The Victoria Police Department seized over $50,000 in cash, as well as drugs and firearms in a recent search of a home in the 600-block of Manchester Ave. (File contributed/VicPD)

The Victoria Police Department seized over $50,000 in cash, as well as drugs and firearms in a recent search of a home in the 600-block of Manchester Ave. (File contributed/VicPD)

Where does cash seized by B.C. police actually go?

The Victoria Police Department seized over $75,000 in cash in the past few months

In recent months the Victoria Police Department has recovered hundreds of thousands of dollars in cash and assets after conducting several seizures from homes under surveillance.

On July 8, the VicPD seized $50,000 in cash from the 600-block of Manchester Avenue, as well as found several replica firearms and illicit drugs.

Just four days before on July 4, the VicPD seized an additional $25,000 in cash, as well as a loaded handgun and illicit drugs.

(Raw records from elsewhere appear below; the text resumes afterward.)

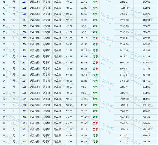 奧宸滇池星城(G07地塊)Ⅱ準售房源及房價公示
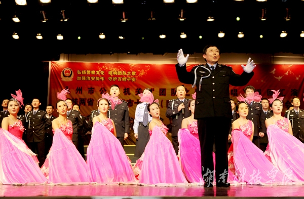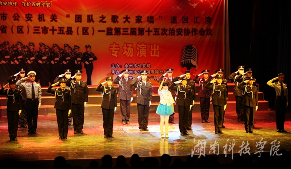 本网讯(记者 李东泼 邓梦妮)“弘扬警察文化,唱响团队之歌;加强治安协作,守护百姓平安”。12月11日晚,由永州市公安局主办,零陵分局承办的永州市公安机关“团队之歌大家唱”巡回汇演暨湘桂两省(区)三市十五县(区)一监第三届第十五次治安协作会议专场演出于世界杯官网音乐厅上演。
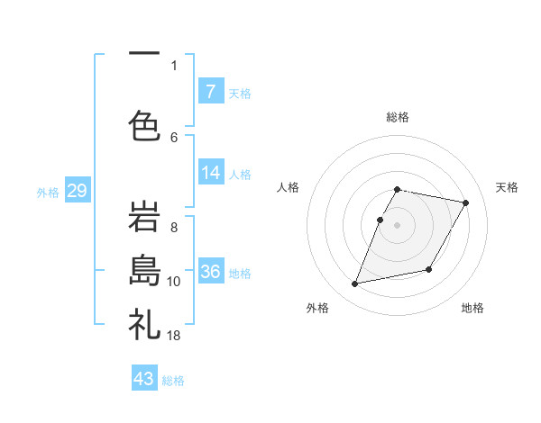 一色 岩島礼さんの総格は43画の2点

READ MORE: Victoria Police seize drugs, replica firearms and $50,000 in cash after searching Victoria home

In fact, in 2019 so far the Victoria Police Department has seized over $150,000 in cash, begging the question: where does that cash go?

“Once evidence is documented it goes up for civil forfeiture,” said VicPD spokesperson Bowen Osoko. “Once assets are liquidated, funding goes towards victim accommodation services, counselling, police training and equipment and the development of police training programs.”

Osoko added that the Civil Forfeiture Office (CFO), a body of the provincial government, runs things a little differently than standard criminal law practice in that a person doesn’t have to be convicted to lose their assets.

In an example, Osoko noted that if a man was charged with a crime, an application could still be put forward for the seizure of his car even if he hasn’t been found guilty yet.

Assets are pooled provincially, and are not distributed based on where they were collected. Drugs and weapons are used as evidence, and then destroyed by local police departments.

ALSO READ: Gang member charged after $25,000 in cash, loaded handgun, and drugs seized during Victoria arrest

According to Colin Hynes, spokesperson for the Ministry of Public Safety and Solicitor General, under which the CFO is a branch, since 2007 the CFO has recovered approximately $96 million in forfeitures.

“As our primary focus is conducting litigation, the largest single operating cost is legal costs,” Hynes said. “All recoveries in excess of operational costs go to crime prevention grants.”

Since 2007 $1.67 million from these funds have gone towards victim compensation services, usually for victims of fraud.

Another $42.3 million have gone forward in grants to police departments across the province for equipment and training upgrades.

Between 2017-2018 (the most recently released grant report from the CFO), the Victoria Police Department received $700 to cover sponsorship for the attendance of the BC Association of Police Boards conference and $7,442.40 for the purchase of 12 new ballistic helmets and ARC adapters.

VicPD also received $5,000 for the Victoria Crime Stoppers conference, $10,560 for the purchase of 96 trauma first aid kits, and $11,694.87 for one investigator to attend a week-long session of Vehicle Forensics Examination Training.

ALSO READ: Central Saanich Police seize $50,000 worth of drugs, $35,000 in cash

The Saanich Police department received $2,500 towards a new vehicle for the Community Engagement Division, and another $10,000 for new, covert GPS tracking devices.

The Sidney/North Saanich RCMP department received $6,925.80 for the purchase of four radio sets, while Sooke RCMP received$3,499.65 for the purchase of two pieces of radio surveillance equipment.

The Westshore RCMP received $5,985 for the purchase of three fully-equipped mountain bikes “to be used for surveillance operations.”

The largest sum of cash in 2017-2018 went to the Vancouver Police Department, with a total of $92,811 for the renewal of a civilian investigation assistant position at the department.